The article mentions that you can fix this by going to the Indexing Options in the control panel (and going to Advanced -> File Types), selecting the wpost extension, and changing the radio button from "Index Properties Only" to "Index Properties and File Contents".

This works, but not as you expect. It's not using the Windows Live Writer IFilter.

When you select "Index Properties Only", the registered filter is removed from the file type. If a file has no filter registered, the indexer will use the system provided "File Properties Filter", which extracts various properties such as filename, size, dates (and maybe the OLE DocFile structured storage properties) but doesn't touch the contents.

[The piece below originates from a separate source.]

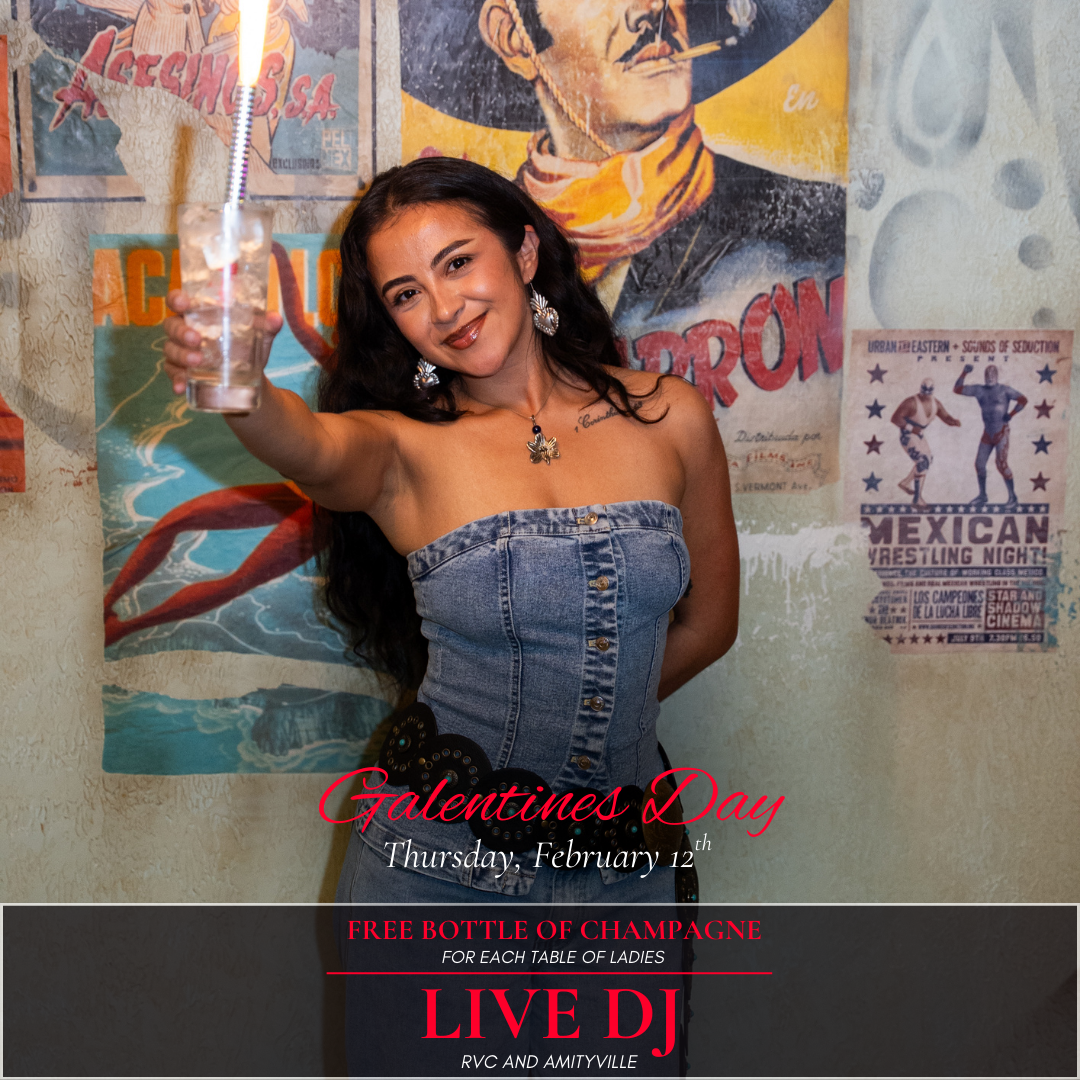 Celebrate Galentine’s Day at Mesita on Thursday, February 12! Enjoy a complimentary champagne bottle for every table of ladies, plus live DJs at our RVC and Amityville locations. Grab your girls and celebrate in style. 🥂💖

Selecting "Index Properties and File Contents" doesn't magically wire up the correct filter. Instead, it registers the "Plain Text Filter", which just extracts as much text out of the file as it can, and then hands it to the indexer as content. You can use it on arbitrary binary files, but it won't understand the file format, so won't be able to output more advanced properties, such as Author, Subject or Perceived Type. If you try to use the advanced search features of explorer to find blog posts with a certain subject, it will fail. Not too much of a hardship, perhaps, because the text will still match the full content search, but by missing the Perceived Type, the indexer doesn't know if it's a document, email, picture, audio, video or whatever. Bang goes your filtering.

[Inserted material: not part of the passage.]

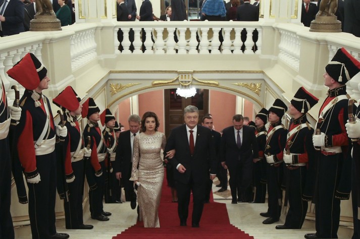 В пресс-службе первой леди уточнили, что это платье было изготовлено еще в 2011 году. Однако в статусе супруги президента Марина надела его впервые. Жена украинского лидера рассматривала несколько нарядов для этого выхода. Но в результате она решила не покупать новые платья. Тем более, что этот наряд хорошо подходил под торжественные интерьеры Мариинского дворца.

We can fix this, but let's see why it wasn't registered in the first place. A great tool to help with this is Citeknet's IFilter Explorer.

 IFilter Explorer - Citeknet

Take a look for the .wpost extension. It's not there. Now we know why the proper filter wasn't being used - it's not registered.

You might have noticed the bewildering array of tabs across the top of the list. Windows Search shares a history with a long line of search products from Microsoft, from server side search engines such as SQL Server full text search, Sharepoint and Exchange search, to desktops, with Windows Search (3.x), Windows Desktop Search (2.x - MSN Desktop Search), Indexing Service and even the aborted WinFS.

On a hunch, check out Windows Desktop Search 2.x.

There it is. The .wpost extension has the WebPostFilter class registered against it.

And that's because despite sharing ancestry and the IFilter technology, registration between the different implementations can be subtly (and not so subtly) different. For example, the SQL Server registration needs extra data in a system table.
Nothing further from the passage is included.